Japanese-American children's writer (born 1956)

Cynthia Kadohata (born July 2, 1956) is a Japanese American children's writer best known for her young adult novel Kira-Kira which won the Newbery Medal in 2005. She won the National Book Award for Young People's Literature in 2013 for The Thing About Luck.

==Biography==
Kadohata was born in Chicago, Illinois. Her first published short story appeared in The New Yorker in 1986. She received a BA in journalism from the University of Southern California in 1979. She also attended graduate programs at the University of Pittsburgh and Columbia University.

Kadohata started her writing career with short story submissions to magazines. Her first publication, titled Charlie O., was published in 1986 in The New Yorker. Later stories were published in The Pennsylvania Review, Grand Street, and Ploughshares.

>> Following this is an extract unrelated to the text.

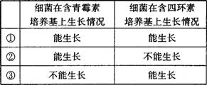 質(zhì)粒是基因工程中最常用的載體,它存在于許多細(xì)菌體內(nèi)。質(zhì)粒上有標(biāo)記基因如圖所示,通過(guò)標(biāo)記基因可以推知外源基因(目的基因)是否轉(zhuǎn)移成功。外源基因插入的位置不同,細(xì)菌在培養(yǎng)基上的生長(zhǎng)情況也不同,下表是外源基因插入位置(插入點(diǎn)有a.b.c),請(qǐng)根據(jù)表中提供的細(xì)菌生長(zhǎng)情況,推測(cè)①②③三種重組后細(xì)菌的外源基因插入點(diǎn),正確的一組是
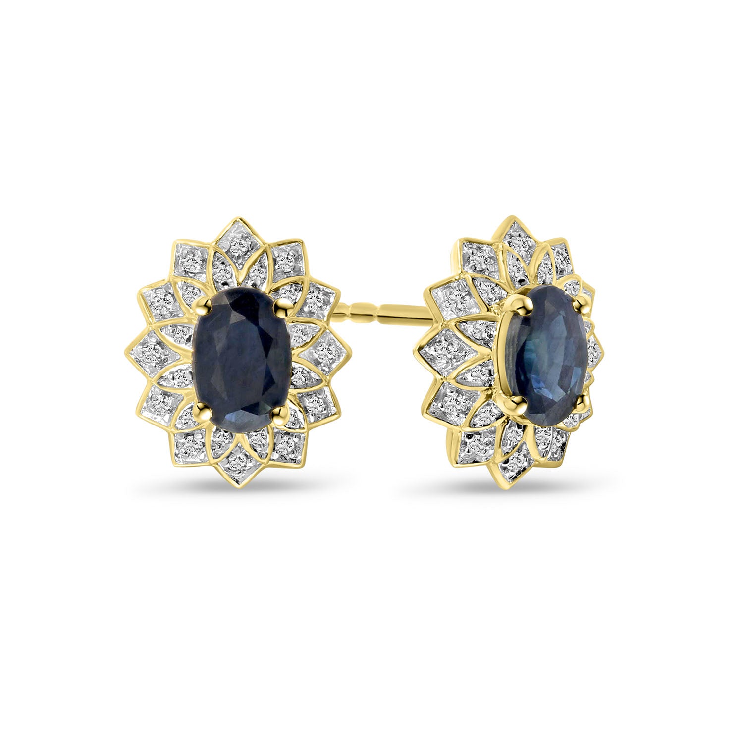 Cercei stud din aur galben cu safire si diamante din colectia Gems. Realizati din aur galben de 14 karate, acesti cercei prezinta safire taiate oval si diamante taiate stralucitor. Asociati acesti cercei cu alte piese de bijuterii din colectie.

Weedflower, her second children's book, was published in Spring 2006. It is about the Poston internment camp where her father was imprisoned during World War II. Her third children's novel, Cracker! The Best Dog in Vietnam about the Vietnam War from a war dog's perspective, was published in January 2007 by Atheneum Books for Young Readers.

Outside Beauty, another children's novel, was published in 2008. It is about a 13-year-old girl and her three sisters, all fathered by different men and what happens when she and her sisters are separated from each other after their mother gets into an accident.

At least two of Kadohata's books touch on the topic of chick sexing. The family of the main character in her first novel, 1989's The Floating World, and also the family of the protagonist in 2004's Kira-Kira are employed at chicken hatcheries separating male chicks from female. Kadohata's inspiration was her own personal experience. Her father was a chick sexer during her childhood.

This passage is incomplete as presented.